For thirty years, Renaldo Kuhler created hundreds of plates for the North Carolina Museum of Natural Sciences, illustrating diverse flora and fauna for scientific journals, reference books, and exhibits. Unbeknownst to family, friends, and coworkers, Renaldo was also a prolific self-taught artist.

The son of Otto Kuhler, a renowned industrial designer, Renaldo was mocked, ridiculed, and bullied by classmates, teachers, and headmasters simply for being “different.” When Otto moved the family from upstate New York to a remote cattle ranch in the Colorado Rockies, teenaged Renaldo found the isolation unbearable. He escaped to the private fantasy world of his notebooks, inventing an imaginary country he called Rocaterrania. For the next 60 years, Renaldo illustrated the nation's history, a coded, metaphoric account of his own life.

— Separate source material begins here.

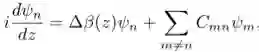 H 就是包含波导结构信息的哈密顿量矩阵,它的对角线上是βi, 即沿自身波导 i 的传输系数,非对角线上是 Cij,即波导 i 与 j 之间的耦合系数,与波导间距呈指数衰减关系,因此波导分布确定时 Cij 就可相应地确定。波导传输长度 z 代表演化时间,而光子在波导截面的分布则体现了实时的量子行走演化图形。通过波导的设计就可以构建指定的哈密顿量,实现特定的专用量子计算和量子模拟方案。
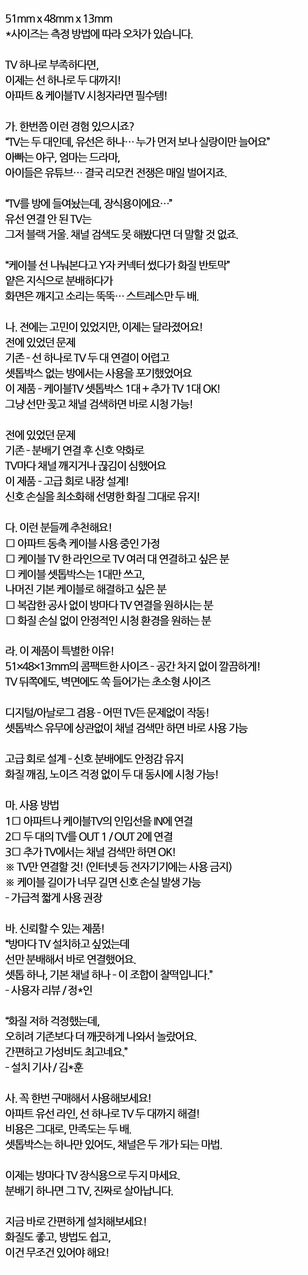 아파트 유선라인 하나로 두대까지 연결케이블 2분배기

Situated on the border of New York and Canada, settled mostly by European immigrants, Rocaterrania has a unique government, language, religion, social programs, architecture, railroad infrastructure, prison system, movie industry, and a fully mapped geography of cities, mountains, lakes, rivers, and farmlands. It also has a political history fraught with turmoil, one that mirrors Renaldo’s own struggle for independence and freedom, creating a coded, metaphoric, and imaginatively illustrated biography.

Featuring an eclectic original score by Merge Records recording artists Shark Quest, Rocaterrania unveils Kuhler's stunning creation, intricately dovetailed with the powerful story of his life.

The award-winning Rocaterrania has screened on regional PBS (SCETV), and at more than fifty film festivals, museums, and cinemas in New York, London, Berlin, Brussels, Montreal, Vancouver, Buenos Aires, and elsewhere around the world.